Practice Areas

Tax

For many of us in the tax profession, a new year usually means the prospect of new tax laws. The Tax Reform Act of 1986 reversed a long-standing trend of federal income taxes of corporations being significantly lower than those of individuals. In addition, the treatment of ordinary income and capital gains changed such that it no longer mattered whether a business owner received long-term capital gains or dividends. Finally, the 1986 Act introduced the concepts of passive activities, portfolio income and other structural overhauls to make tax law “simpler” and, therefore, “fairer” to taxpayers.

The traditional C corporation that permitted income tax deferral of business profits to the extent of the previous income tax differential was replaced by the objective of avoiding a layer of tax with pass-through entities. The result was that many corporations attempted to transform themselves into pass-through entities, such as publicly traded partnerships, and Congress was quick to act with the Revenue Act of 1987 to categorize these partnerships as taxable like corporations. Since then, there have been nearly a dozen major modifications amending the 1986 Act in an attempt at simpler and fairer. The reality is that there are many tax traps out there, unintended consequences and the necessity for extensive tax planning and complicated tax provisions to keep pace with the speed of these changes.

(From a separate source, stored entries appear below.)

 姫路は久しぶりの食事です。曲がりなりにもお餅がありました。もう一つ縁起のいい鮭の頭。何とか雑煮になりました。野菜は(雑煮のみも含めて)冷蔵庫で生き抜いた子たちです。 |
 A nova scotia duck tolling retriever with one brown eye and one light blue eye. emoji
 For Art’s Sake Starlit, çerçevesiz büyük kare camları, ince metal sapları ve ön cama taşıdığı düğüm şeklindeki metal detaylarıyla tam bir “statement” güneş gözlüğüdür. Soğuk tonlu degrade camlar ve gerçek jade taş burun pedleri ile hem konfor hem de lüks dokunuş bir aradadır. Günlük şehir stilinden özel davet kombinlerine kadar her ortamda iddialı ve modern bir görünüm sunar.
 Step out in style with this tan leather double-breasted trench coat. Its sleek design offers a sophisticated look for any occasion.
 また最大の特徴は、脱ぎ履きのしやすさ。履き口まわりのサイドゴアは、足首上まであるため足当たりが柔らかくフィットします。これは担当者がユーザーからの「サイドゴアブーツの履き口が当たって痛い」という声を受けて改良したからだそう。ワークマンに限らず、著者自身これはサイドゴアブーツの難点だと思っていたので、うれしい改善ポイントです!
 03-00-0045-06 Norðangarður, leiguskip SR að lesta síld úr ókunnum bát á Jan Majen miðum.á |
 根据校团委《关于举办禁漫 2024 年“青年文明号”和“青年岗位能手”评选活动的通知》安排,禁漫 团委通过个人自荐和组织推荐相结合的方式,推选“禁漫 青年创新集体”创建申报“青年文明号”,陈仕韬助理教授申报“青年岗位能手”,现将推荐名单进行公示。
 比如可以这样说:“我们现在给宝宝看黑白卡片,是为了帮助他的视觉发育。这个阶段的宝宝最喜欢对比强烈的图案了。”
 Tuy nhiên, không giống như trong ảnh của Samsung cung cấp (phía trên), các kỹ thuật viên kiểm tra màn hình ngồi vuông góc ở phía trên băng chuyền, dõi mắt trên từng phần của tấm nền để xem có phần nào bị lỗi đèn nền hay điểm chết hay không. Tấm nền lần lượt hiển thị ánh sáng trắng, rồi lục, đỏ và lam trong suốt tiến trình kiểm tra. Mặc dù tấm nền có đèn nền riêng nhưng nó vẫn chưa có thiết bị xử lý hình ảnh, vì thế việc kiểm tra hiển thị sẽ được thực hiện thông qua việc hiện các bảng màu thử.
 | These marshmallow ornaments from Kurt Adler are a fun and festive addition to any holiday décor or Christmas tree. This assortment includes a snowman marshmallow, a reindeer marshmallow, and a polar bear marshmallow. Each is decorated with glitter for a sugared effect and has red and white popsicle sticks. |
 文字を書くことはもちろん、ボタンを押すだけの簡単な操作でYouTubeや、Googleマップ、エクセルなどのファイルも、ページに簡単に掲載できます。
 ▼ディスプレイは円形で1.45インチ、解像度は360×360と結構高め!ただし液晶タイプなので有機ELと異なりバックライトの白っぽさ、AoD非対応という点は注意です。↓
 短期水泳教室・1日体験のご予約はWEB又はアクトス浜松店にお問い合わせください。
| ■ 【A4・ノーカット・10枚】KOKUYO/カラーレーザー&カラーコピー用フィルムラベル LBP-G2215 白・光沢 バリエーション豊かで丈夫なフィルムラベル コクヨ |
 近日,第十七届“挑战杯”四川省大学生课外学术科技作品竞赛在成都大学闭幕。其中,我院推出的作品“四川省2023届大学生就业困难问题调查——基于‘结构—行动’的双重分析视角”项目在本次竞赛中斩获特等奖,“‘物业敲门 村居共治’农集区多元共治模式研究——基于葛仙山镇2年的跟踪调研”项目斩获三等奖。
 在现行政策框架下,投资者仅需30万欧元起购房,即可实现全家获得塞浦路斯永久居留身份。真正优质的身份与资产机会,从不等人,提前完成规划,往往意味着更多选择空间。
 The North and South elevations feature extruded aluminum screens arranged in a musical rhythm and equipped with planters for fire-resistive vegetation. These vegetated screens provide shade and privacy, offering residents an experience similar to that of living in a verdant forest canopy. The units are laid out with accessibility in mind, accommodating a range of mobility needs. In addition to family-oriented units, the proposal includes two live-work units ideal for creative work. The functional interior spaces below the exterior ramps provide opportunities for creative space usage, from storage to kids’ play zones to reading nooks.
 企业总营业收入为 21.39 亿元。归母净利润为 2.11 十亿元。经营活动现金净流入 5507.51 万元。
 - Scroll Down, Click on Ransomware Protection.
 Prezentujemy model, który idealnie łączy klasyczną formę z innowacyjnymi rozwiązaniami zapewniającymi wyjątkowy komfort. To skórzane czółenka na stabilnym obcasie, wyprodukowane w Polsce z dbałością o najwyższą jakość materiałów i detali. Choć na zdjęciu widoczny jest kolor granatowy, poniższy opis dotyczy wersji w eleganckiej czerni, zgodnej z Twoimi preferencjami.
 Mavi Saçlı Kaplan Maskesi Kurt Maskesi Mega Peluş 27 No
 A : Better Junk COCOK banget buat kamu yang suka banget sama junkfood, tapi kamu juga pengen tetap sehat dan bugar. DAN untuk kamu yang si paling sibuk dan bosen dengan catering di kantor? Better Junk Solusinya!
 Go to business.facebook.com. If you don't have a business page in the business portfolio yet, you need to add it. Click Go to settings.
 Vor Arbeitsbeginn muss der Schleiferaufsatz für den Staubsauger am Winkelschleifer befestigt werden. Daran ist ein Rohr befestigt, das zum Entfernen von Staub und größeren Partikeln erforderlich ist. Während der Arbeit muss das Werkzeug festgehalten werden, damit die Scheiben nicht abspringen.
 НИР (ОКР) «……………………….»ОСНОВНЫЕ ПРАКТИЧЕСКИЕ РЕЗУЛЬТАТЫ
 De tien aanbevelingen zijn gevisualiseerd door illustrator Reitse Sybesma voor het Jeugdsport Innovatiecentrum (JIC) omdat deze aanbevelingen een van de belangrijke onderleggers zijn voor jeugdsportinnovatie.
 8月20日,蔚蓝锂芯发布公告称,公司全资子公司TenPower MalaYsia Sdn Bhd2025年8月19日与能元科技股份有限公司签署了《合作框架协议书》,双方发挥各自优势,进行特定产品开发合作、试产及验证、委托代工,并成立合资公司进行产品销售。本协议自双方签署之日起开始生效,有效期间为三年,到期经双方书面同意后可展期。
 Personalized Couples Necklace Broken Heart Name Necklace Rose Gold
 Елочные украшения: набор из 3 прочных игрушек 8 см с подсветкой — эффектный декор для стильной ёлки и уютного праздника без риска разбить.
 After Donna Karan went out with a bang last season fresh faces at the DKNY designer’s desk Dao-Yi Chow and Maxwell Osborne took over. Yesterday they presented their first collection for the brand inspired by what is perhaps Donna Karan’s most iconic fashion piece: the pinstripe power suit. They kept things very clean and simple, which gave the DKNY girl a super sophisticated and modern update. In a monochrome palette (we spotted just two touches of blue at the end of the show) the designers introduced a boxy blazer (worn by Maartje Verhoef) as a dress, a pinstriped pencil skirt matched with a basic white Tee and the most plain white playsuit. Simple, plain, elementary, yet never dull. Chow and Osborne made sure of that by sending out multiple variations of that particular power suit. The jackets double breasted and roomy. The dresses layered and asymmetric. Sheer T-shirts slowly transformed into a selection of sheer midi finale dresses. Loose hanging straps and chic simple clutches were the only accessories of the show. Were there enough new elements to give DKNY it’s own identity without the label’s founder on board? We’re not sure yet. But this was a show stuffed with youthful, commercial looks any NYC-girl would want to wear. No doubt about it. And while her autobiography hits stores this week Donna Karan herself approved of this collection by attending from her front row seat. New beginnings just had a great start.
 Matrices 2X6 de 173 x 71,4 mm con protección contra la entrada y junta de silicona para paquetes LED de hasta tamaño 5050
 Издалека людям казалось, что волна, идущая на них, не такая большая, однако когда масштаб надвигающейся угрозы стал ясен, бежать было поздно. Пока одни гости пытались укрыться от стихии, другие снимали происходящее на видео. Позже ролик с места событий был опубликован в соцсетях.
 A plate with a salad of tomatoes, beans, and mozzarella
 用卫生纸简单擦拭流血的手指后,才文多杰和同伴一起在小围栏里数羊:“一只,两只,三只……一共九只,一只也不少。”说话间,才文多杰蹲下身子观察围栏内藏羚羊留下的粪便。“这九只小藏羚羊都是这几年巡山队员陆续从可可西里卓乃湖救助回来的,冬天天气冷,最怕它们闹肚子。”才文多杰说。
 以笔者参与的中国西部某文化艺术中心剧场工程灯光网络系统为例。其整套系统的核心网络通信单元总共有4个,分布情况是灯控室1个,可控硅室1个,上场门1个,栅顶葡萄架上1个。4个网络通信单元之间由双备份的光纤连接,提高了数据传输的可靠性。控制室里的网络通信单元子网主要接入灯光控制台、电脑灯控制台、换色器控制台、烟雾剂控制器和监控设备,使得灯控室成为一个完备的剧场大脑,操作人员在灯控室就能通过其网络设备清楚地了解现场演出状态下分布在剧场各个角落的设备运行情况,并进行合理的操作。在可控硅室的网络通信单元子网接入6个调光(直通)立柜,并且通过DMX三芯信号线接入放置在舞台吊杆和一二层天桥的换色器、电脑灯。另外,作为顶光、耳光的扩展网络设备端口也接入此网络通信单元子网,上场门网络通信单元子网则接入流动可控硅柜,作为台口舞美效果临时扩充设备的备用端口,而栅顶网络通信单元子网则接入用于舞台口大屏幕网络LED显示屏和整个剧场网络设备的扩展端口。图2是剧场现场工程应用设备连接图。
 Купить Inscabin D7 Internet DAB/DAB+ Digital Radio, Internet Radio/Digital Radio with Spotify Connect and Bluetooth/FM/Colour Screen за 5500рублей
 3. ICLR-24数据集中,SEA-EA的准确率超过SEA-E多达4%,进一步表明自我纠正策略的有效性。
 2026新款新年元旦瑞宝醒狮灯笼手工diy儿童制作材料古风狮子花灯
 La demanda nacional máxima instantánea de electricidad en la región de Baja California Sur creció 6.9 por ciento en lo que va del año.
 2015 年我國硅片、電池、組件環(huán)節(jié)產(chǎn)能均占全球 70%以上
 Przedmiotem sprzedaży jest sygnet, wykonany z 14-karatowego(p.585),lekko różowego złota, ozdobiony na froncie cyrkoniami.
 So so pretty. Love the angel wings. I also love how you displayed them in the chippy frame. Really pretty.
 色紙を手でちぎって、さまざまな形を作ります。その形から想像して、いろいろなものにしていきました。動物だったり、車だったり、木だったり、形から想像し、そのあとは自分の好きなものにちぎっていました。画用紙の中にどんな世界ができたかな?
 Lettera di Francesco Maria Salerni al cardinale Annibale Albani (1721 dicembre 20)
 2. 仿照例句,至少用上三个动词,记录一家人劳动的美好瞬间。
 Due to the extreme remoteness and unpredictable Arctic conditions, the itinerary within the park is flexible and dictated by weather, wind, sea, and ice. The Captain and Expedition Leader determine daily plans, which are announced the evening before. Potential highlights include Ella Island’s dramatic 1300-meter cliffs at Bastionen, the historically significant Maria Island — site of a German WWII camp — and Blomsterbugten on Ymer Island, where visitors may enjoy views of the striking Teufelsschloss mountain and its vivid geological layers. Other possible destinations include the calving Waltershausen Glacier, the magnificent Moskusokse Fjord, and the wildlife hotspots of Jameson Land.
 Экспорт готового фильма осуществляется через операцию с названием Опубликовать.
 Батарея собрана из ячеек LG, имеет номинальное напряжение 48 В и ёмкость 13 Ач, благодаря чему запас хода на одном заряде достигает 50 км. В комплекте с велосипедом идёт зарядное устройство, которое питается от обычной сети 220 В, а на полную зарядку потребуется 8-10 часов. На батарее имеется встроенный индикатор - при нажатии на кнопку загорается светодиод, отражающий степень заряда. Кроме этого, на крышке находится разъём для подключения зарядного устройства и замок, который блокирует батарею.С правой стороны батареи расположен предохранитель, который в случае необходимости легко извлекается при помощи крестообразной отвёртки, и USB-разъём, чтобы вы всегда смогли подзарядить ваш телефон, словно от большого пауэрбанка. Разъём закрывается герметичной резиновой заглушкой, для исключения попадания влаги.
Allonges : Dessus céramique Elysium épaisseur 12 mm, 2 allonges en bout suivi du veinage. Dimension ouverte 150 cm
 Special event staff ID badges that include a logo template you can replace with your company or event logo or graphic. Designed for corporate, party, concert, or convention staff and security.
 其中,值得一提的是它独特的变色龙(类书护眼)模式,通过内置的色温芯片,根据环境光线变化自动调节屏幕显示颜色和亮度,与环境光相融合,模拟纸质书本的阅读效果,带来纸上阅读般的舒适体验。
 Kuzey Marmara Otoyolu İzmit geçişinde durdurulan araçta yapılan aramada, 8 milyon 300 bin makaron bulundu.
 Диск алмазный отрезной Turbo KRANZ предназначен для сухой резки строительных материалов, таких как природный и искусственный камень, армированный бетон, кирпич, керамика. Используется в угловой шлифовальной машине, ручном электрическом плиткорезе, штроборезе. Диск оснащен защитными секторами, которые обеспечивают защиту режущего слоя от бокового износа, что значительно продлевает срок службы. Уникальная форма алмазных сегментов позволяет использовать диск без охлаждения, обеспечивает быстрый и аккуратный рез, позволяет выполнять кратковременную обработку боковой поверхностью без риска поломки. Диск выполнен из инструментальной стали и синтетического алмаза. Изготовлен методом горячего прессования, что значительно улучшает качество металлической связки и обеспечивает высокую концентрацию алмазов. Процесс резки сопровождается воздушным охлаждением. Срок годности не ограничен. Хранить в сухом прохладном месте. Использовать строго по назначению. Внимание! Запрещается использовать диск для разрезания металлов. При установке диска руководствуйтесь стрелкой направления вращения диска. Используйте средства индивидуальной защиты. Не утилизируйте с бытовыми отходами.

Choice of Entity           
When comparing the types of entities, the following factors need to be included in the discussion: (i) what are the federal income tax consequences between the various entities (e.g. entity level of tax versus pass-through and types of pass-throughs); (ii) tax treatment for the owners, including whether pro-rata distributions as opposed to special allocations are appropriate; (iii) FICA, FUTA and self-employment tax issues; (iv) retirement options with tax-free deferral and/or growth; (v) state-to-state income, franchise and other entity level taxes; (vi) type of income being generated and potential ramifications to the entity and/or owners; (vii) ability to use income, gain, loss and deductions; and (viii) a variety of other tax planning opportunities (e.g. family businesses and the relationship between the generations). In short, the form of entity is not dispositive of the ultimate tax treatment at the federal and state level; this necessitates the trained professional to work through these issues with clients so that the risk of managing through the minefield of tax traps can be mitigated. Given the ever changing nature of tax law, the tax lawyer’s role in establishing the entity and its operation is just the beginning.

Legal Representation
The regulatory nature of tax law is administered at the federal level by the Department of the Treasury and its enforcement arm, the Internal Revenue Service, and each state has its own agency or agencies administering its tax law; here in Connecticut it is the Department of Revenue Services. Reid and Riege regularly represents clients before the IRS and DRS on audits, and has the capabilities to take any matter through the administrative appeals process, up through the U.S. Tax Court, and through the Federal Court system. Reid and Riege lawyers have produced successful results for its clients in all these forums. In addition, we are often called upon to seek “informal” guidance from the IRS through the issuance of Private Letter Rulings in those instances where the law is ambiguous. Finally, through the issuance of a Power of Attorney, we are able to step in and represent clients’ and their tax positions with the protection of the attorney-client privilege.

Tax Classification, Reporting and Filing
The question of how an entity (and its owners) would be taxed was actually “simplified” by the introduction of the “check-the-box” rules that introduced an elective regime. Accordingly, a single owner venture would, without an election, default into a disregarded entity and be taxed as a sole proprietorship. In the alternative, the single owner could elect that the venture become a taxable entity as an unincorporated association taxable as a corporation (that corporation could then make an S election). When two or more owners of an unincorporated entity venture together the default classification would call for partnership treatment. The entity could also elect to be treated as an association taxable as a corporation that still exists in our flow-through world; for example: when a multi-member limited liability company is doing business in all 50 states that may require the filing of non-resident returns for all those “partners” at the state level. An incorporated entity was taxable at the entity level and then a second time upon a distribution to its shareholders. Incorporated entities could file an S election in order to bypass the double-layer of tax.

Reid and Riege works with clients’ other professionals with respect to such decisions as tax elections, choice of taxable years, tax accounting, special allocations, choices of methods of accounting, alternative minimum tax, estimated tax payments and tax return filing requirements.

Conclusion   
The Tax Group’s largest client is the firm itself. The Group works with business lawyers on issues of choices of entities, formation and operation, as well as taxable and/or tax-free transactions. We are intimately involved with decisions involving capitalization, working with commercial and transactional lawyers in structuring and determining levels of equity, debt and various hybrids. Tax issues are found in issues involving employment law and general corporate matters. Finally, the Tax Group is also called upon to work outside the Business Law Practice Area with respect to issues of pensions and profit sharing arrangements, trusts and estates, personal wealth planning, real estate transactions and financing, litigation and settlement agreements, health care and nonprofit law.